The equation of orbit for a particle moving under a central force is as follows.

$$ \frac{ d ^{2}u}{ d \theta^{2} } + u=-\frac{1}{ml^{2}u^{2}}F(u^{-1}) $$

Here, $u={\textstyle \frac{1}{r}}$. Since we want to solve the problem with respect to gravity, let’s say $F=-\frac{GMm}{r^{2}}=-\frac{k}{r^{2}}$. $M$ is the mass of the body providing the central force (specifically, this means the mass of the Sun here), and $m$ is the mass of the moving body. Then, the equation of orbit becomes the following.

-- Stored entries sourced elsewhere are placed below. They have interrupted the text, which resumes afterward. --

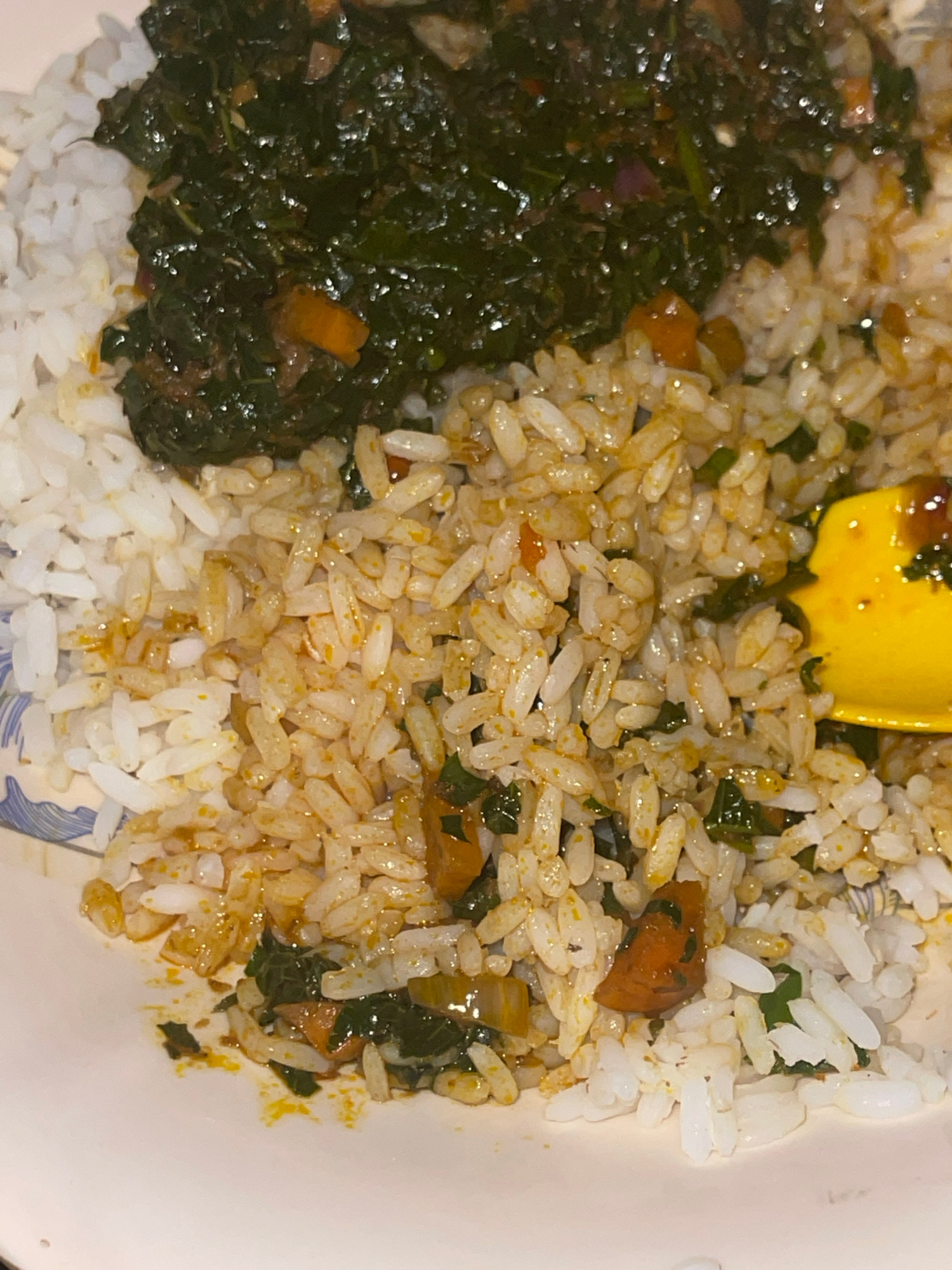 A top-down close-up shows a bowl of food, likely in Rido, Nigeria. The bowl contains white rice at the bottom, with portions of a dark green leafy vegetable stew on the left, and rice mixed with the s…read more
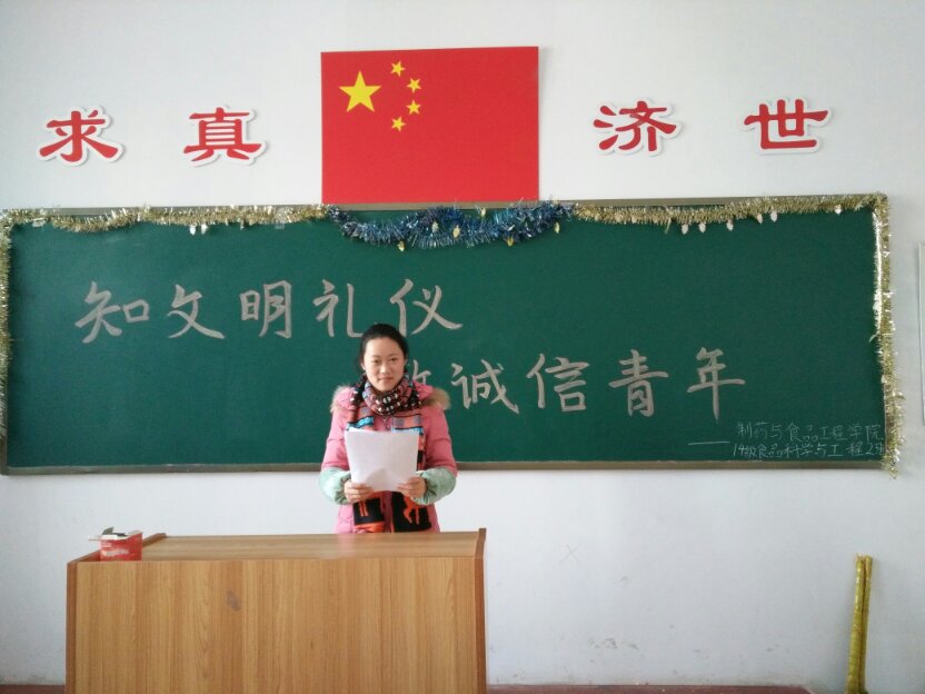 诚实守信是社会主义职业道德建设的重要规范,是所有从业人员在职业活动中必须而且应该遵循的行为准则。但是近年来不断引发诚信危机,很多不诚信的现象与行为已在大学校园中凸显。为加深大学生对文明礼仪,诚信做人的认识,2016年12月21日,14级食品科学与工程2班于和剂书院甲座208教室展开了“诚信青春你我他”团日活动,本次活动由班长薛欣主持,全体同学共同参加。
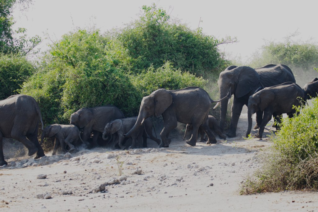 We soon witness our first large herd of elephants coming down from the savannah to the river to drink. They have young in tow, and the large adults keep a close watch on the babies, surrounding and protecting them from predators. We watch as they run down towards the river. They must be very hot and thirsty.
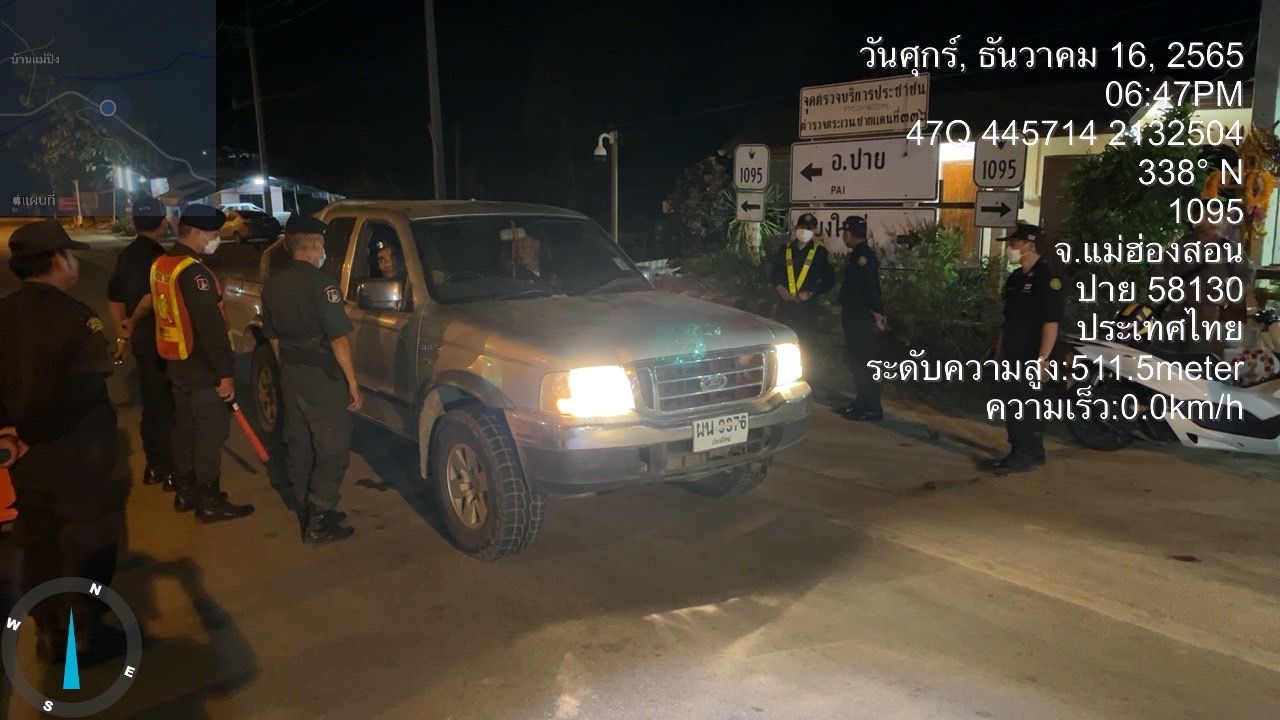 เมื่อ ๑๖๑๘๐๐-๑๖๒๐๐๐ ธ.ค. ๖๕ ร.ต.ต.วิเชียร พรมรัตน์ รอง สว.(ป) กก.ตชด.๓๓/ รรท.หน.จุดตรวจแม่ปิง พร้อมกำลังพลจุดตรวจแม่ปิงร่วมกับเจ้าหน้าที่หน่วยป้องกันรักษาป่าที่ มส.๑ และ เจ้าหน้าที่ ปศุสัตว์(อำเภอปาย) ได้ตั้งจุดตรวจจุดสกัด เพื่อตรวจยึดสิ่งผิดกฎหมาย, ป้องกันปราบปรามอาชญากรรมตามแนวชายแดน, อำนวยความสะดวกให้กับประชาชน และรักษาความปลอดภัยนักท่องเที่ยวที่ใช้เส้นทาง บริเวณหน้าจุดตรวจจุดสกัดแม่ปิง บนถนนทางหลวงหมายเลข ๑๐๙๕ ต.แม่ฮี้ อ.ปาย จว.แม่ฮ่องสอน ผลการปฏิบัติไม่พบผู้กระทำผิดกฎหมายแต่อย่างใด
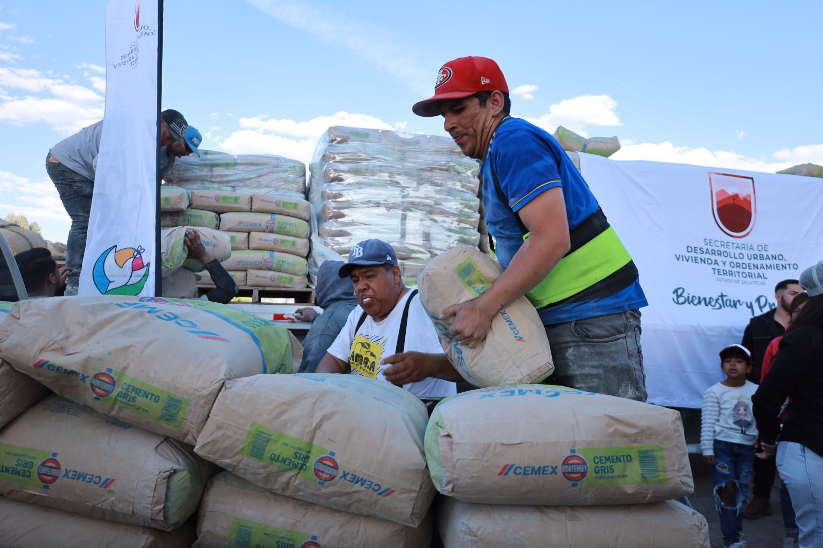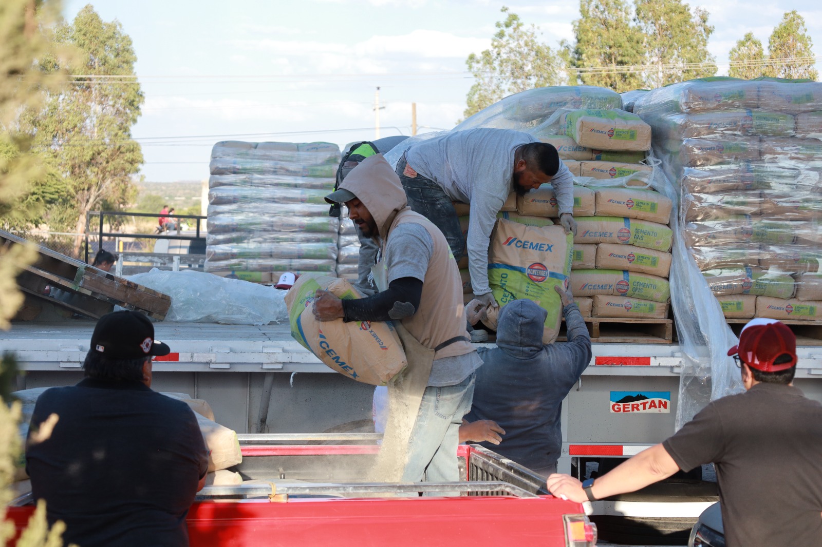 - En Miguel Auza, la administración estatal entregó 2 mil 710 bultos de cemento y 100 paquetes de techo de lámina

$$ \frac{ d ^{2}u}{ d \theta^{2} }+u=\frac{k}{ml^{2}} $$

The solution to the above differential equation is as follows.

$$ u=A\cos\theta+\frac{k}{ml^{2}} $$

In this case, $A$ is a constant. Rearranging the above formula with respect to $r$ gives the following equation.

$$ \begin{align*} r=\frac{1}{u}&=\frac{1}{k/ml^{2}+A\cos\theta} \\ &= \frac{ml^{2}/k }{1+(Aml^{2}/k)\cos\theta} \end{align*} $$

This equation is the same as the equation of an ellipse with the focus at the origin represented in polar coordinates. In fact, the equation of an ellipse with a semi-major axis of $\alpha$ and an eccentricity of $\epsilon$ in polar coordinates is as follows.

$$ r=\frac{\alpha}{1+\epsilon \cos\theta } $$

Therefore, the orbit of a planet revolving around the Sun due to gravity is an ellipse with the Sun at one focus, a semi-major axis of $\alpha=\frac{ml^{2}}{k}=\frac{l^{2}}{GM}$, and an eccentricity of $\epsilon=\frac{Aml^{2}}{k}=\frac{Al^{2}}{GM}$.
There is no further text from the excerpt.